In the Linked Data world, we talk a lot about having URIs that are identifiers for things, and making them HTTP URIs so that they can be dereferenced and people can find more information about those things.
This raises the questions of “what information should you publish?” Let’s make this concrete by using a real example: UK Legislation, which TSO is publishing for OPSI as Linked Data.
UK Legislation now has a set of URIs that are explicitly intended to be used as unique identifiers for items of legislation and parts, sections, subsections and so on within them. If you request one of these URIs, requesting RDF/XML, you will get some information about that bit of legislation, such as:
So we provide some basic information, and the links we know about, ie those within UK Legislation.
It turns out that lots of things aside from UK Legislation reference legislation, and that when you publish information about them it’s helpful to be able to point to the relevant legislation. For example:
These are all inward pointers. As we publish information about UK Legislation, we won’t know about all these links to the information we publish. But people who access information about UK Legislation might well want to know about those links. Wouldn’t it be useful to know — given an item of legislation — what it makes illegal, what it compels local authorities to do, which administrative areas it defines, which notices it has caused to be published?
We were discussing the same issue the other day in respect of spatial objects. The Ordnance Survey, or other organisations peddling spatial data, may define spatial objects, but other people define the things that those spatial objects represent, such as schools, roads, parks and so on. It’s obviously useful to go from a school to the spatial objects that represent its buildings, but it would also be useful to go from a spatial object that is a school building to the school.
So what should we, as publishers, do about the inward links (that we know about)? When we publish information about something should we also try to publish information about the things that (we know) reference that thing? I think the answer’s “yes,” at the very least in any human-readable access we give to the information. And from that come two further thoughts:
If you are publishing data with outward links, it would be a good idea to provide feeds or other mechanisms that enable people to pull in basic information about the things that you’re publishing that link to something they’re publishing. SPARQL queries would do, but something a bit less general purpose and more approachable — I’m thinking a URL like http://example.org/links?url=http://example.net/linked/resource — would be better.
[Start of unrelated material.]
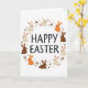 This design shows a digital illustration with large black “HAPPY EASTER” lettering centered as the main focus. A circular wreath of stylized rabbits surrounds the text, arranged so they seem to lean toward one another with tender, friendly expressions 🐰. The rabbits are colored in soft cream, warm orange, and deep chocolate brown, with rounded shapes and smooth outlines that keep the scene easy on the eyes. Between them, earthy leaves and small round dots in muted orange and deep red fill the ring, adding gentle contrast without feeling busy. The background stays bright white, letting the warm tones stand out while keeping the overall look light and springlike 🌷. The words sit in the middle of the circle, evenly spaced, with the black text clearly separated from the surrounding shapes. One pale rabbit includes a small magenta tail detail near the lower part of the wreath.

Information from another source is going to have different provenance/trust etc characteristics than the primary information you publish. That needs to be clearly indicated somehow; sounds to me like a requirement for named graphs.
Comments
Re: Publishing Information About Inward Links
Hi Jeni,
I think that one of the interesting things indexing services like Sindice will do as they build up maps of mentions of things by URI is to build up those inward links. e.g. in looking for (void:)Datasets I've used Sindice to search for [?thing rdf:type void:Dataset]. Something similar ought (in the fullnes of time) to work for finding things that mention a particular piece of legislation (at least at the leaf-level).
Stuart
--
http://sindice.com/search?q=rdf%3Atype&qv=http%3A%2F%2Frdfs.org%2Fns%2Fv...
Content negotiation for getting meta data.
"...a set of URIs that are explicitly intended to be used as unique identifiers..."
"If you request one of these URIs, ..., you will get some information about that bit of legislation..."
Sorry, I realise this is, at best, very tangential to your main point but I really think doing a request on a URI should either return a representation of the resource or should redirect to information about the resource. It shouldn't return a representation of something else (e.g., information about the original resource). I think it's an abuse of the content negotiation mechanism to use it to distinguish between a request for a resource and a request for metadata about that resource.
On the other hand, I don't have a better suggestion. I first asked the TAG about this a while ago:
http://lists.w3.org/Archives/Public/www-tag/2007Aug/0075.html
and they seem to have recently decided it's something worth talking about:
http://www.w3.org/2001/tag/group/track/issues/62
Still, I'm not going to hold my breath.
Re: Content negotiation for getting meta data.
What happens with the legislation API is that if you request an identifier URI for some item of legislation (which is a non-information resource) you will get a 303 response which redirects you to an information resource (representing the current information about that legislation). Requests to that information resource will be given a response appropriate to the requested representation, eg RDF/XML or HTML. I glossed over this because, as you say, it’s tangential to the point of the post :)
But I am slightly uncomfortable about the current state of affairs in that requests for RDF/XML to the information resource URI will provide metadata about it, whereas requests for HTML to that same URI will provide content (and some metadata). I’m still debating (largely with myself) about whether the 303 redirection should point at different resources for metadata vs content.